Back from Northern Idaho.
CORRECTION on Jello Salad Ingredient: Trix was incensed that I'd accuse her of putting mayonnaise in her thanksgiving jello salads.
"That's not MAYONNAISE…that is CREAM CHEESE! Or COTTAGE CHEESE! I FORGET….look in the refrigerator, judy!"
That, my friend, is a scary invitation. My mother's refrigerator is spotless on first glance. Glistening, even. Everything placed just so. Orderly. Like little soldiers marching to their long past expiration dates. Open the cheese drawer and find the green green hills of home. Lush valleys of cheddar circa 1998. Craggy black peaks of forested Brie (last Christmas!) Swiss cheese whose holes have closed. The meat. shudder. Did it once truly walk the earth?
"Is that …bacon?" I asked, waving a thick yet flaccid slab of something seemingly from the ham family.
"What? Oh! No! That's …oh….that's fresh pasta!"
I just stared at her and this brown slimy packet. "Are you CERTAIN of this?" I ask.
"Oh for heaven's sake! OF COURSE IT IS! I'm OLD I'm NOT STUPID!"
Fresh.
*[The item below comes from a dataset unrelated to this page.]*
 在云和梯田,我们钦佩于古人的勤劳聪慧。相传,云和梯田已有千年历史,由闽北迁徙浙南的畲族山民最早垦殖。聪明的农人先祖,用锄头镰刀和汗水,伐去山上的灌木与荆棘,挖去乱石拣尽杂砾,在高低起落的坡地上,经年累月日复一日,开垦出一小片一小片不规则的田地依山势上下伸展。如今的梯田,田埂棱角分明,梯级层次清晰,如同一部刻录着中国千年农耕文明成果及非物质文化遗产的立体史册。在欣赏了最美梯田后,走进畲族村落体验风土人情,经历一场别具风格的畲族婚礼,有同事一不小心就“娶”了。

Pasta. Yes. Fresh is a relative term. If you compared it to some of the salad dressings, it barely had its eye's open.
Anyway. We're back. Only to return in 3 weeks for Christmas. And the annual changing of the Dairy Drawer.
This week Cienna is here, with Rio (Scout's sister) and Wyatt. We plan to put Rio on sheep again, for the first time in months, since she lived at Jodi's. Wednesday we go out to Dianne's for lessons.
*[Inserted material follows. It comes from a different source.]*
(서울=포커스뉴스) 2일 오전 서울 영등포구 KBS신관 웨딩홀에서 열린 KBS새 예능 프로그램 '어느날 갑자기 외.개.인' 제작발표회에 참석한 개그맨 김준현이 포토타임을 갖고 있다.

PS: There was neither cottage nor cream cheese in my mother's refrigerator. Nor mayonnaise. Making the dairy component to my mother's holiday jello salads either an Immaculate Conception or so beyond gruesome it defies even my ability to process. Either way, I'm tempted to put them on Ebay. Along with pictures of my colon. There's a miracle in there somewhere.